Padahal oposisi bukanlah musuh pemerintah. Keberadaan oposisi yang sehat justru dapat menjadi cermin dan mekanisme pengawasan terhadap kekuasaan.
Karena itu, stabilitas politik tidak semestinya dibayar dengan hilangnya ruang kritik.
Ujian Sesungguhnya Ada pada Eksekusi
Prabowo tidak kekurangan gagasan. Justru tantangannya adalah terlalu banyak agenda besar yang harus dikerjakan dalam waktu bersamaan.
Pangan, energi, MBG, hilirisasi, industrialisasi, pertahanan, koperasi, pembangunan desa, pendidikan dan kesehatan merupakan pekerjaan besar yang membutuhkan kapasitas birokrasi yang kuat.
Di sinilah kualitas kabinet menjadi sangat penting.
Menteri tidak seharusnya hanya menjadi pelaksana perintah presiden. Menteri harus mampu menjadi penyaring, penerjemah sekaligus penguji gagasan.
Kabinet yang sehat bukan kabinet yang selalu mengatakan “siap”, melainkan kabinet yang berani menyampaikan apabila sebuah kebijakan terlalu mahal, berisiko, perlu ditunda atau harus ditempuh dengan cara berbeda.

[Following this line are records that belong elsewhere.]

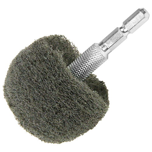 特長:直径50mm頭なので小さく隙間に入れます。 ひつこい汚れや、サビ等を電気ドリルの回転力を使って落とします。 弾性があり母材をキズつけにくい素材です。 6.35六角軸なのでインパクトDVでも使用できます。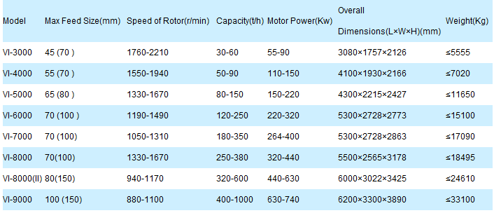 Material falls down into high rolling impeller cavity vertically through the upper part of machine. Under great centrifugal force, it hits and crushes another part of material that distributing around the impeller with umbrella form. After hitting each other, they force a vortex between impeller and shell, and hit each other several times; finally smaller stone comes out, and goes to vibrating screen. Satisfactory material is transported by conveyor belt. However overlarge material will go back to VSI Series Vertical Shaft Impact Crushers to be re-crushed. Otherwise, output sizes can be also adjusted according to customer's requirement.VSI Series Vertical Shaft Impact Crushers,sand maker,impact crushers Technical Data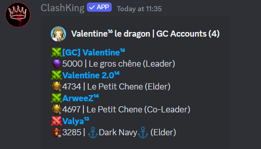 Vous verrez les préférences de guerre de chaque compte, dans quel clan ils appartiennent, quel rôle ils ont et combien de trophées ils possèdent actuellement.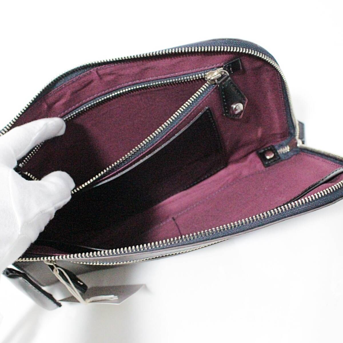 新品 ヴィヴィアンウエストウッド チャーム付 アドヴァン染色 レザークラッチバッグ 紺 K5397 收藏

Ukuran kabinet pada akhirnya bukan jumlah tokoh terkenal ataupun besarnya koalisi politik, melainkan output: berapa masalah yang selesai, berapa kebijakan yang benar-benar bekerja, seberapa efektif anggaran digunakan dan apakah kehidupan rakyat menjadi lebih baik.
Lima Pekerjaan Rumah Prabowo
Menjelang dua tahun pemerintahan, terdapat sedikitnya lima hal yang perlu menjadi perhatian.

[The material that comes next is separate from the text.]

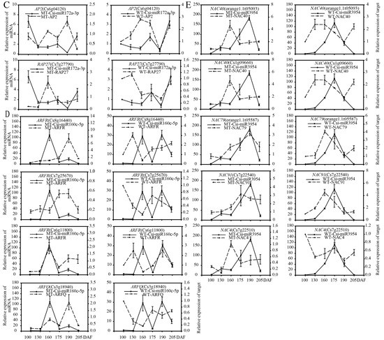 Expression patterns of known miRNAs and their target genes in MT and WT involved in fruit development and ripening. (A), csi-miR156f; (B), csi-miR397; (C), csi-miR172; (D), csi-miR160; (E), csi-miR3954.

Pertama, Prabowo tidak boleh terlalu bergantung pada kekuatan personal. Presiden yang kuat memang diperlukan, tetapi Indonesia lebih membutuhkan institusi yang kuat dan mampu bertahan melampaui masa jabatan seorang presiden.
Kedua, meritokrasi harus diperkuat. Loyalitas politik tidak boleh mengalahkan kemampuan profesional.
Ketiga, disiplin fiskal harus dijaga. Program populis boleh memiliki dukungan masyarakat, tetapi setiap rupiah anggaran tetap harus menghasilkan manfaat sosial yang jelas.
Keempat, komunikasi publik perlu diperbaiki. Pemerintah harus lebih terbuka terhadap kritik karena kritik merupakan bagian dari mekanisme koreksi.
Kelima, negara kuat tidak boleh disamakan dengan pemerintahan yang antikritik. Justru pemerintah yang percaya diri semestinya tidak takut terhadap kritik.
Rakyat Akan Menilai dari Perubahan Nyata
Dua tahun pemerintahan Prabowo memang menunjukkan sejumlah agenda yang patut diperhatikan, terutama ketahanan pangan, program gizi dan orientasi menuju kemandirian ekonomi.
Namun, terlalu dini menyebut seluruh agenda tersebut telah berhasil.
Sebagian besar program masih berada pada tahap membangun arah dan fondasi. Pada akhirnya, rakyat tidak hanya akan melihat pidato, jumlah program maupun besarnya proyek yang dijalankan pemerintah.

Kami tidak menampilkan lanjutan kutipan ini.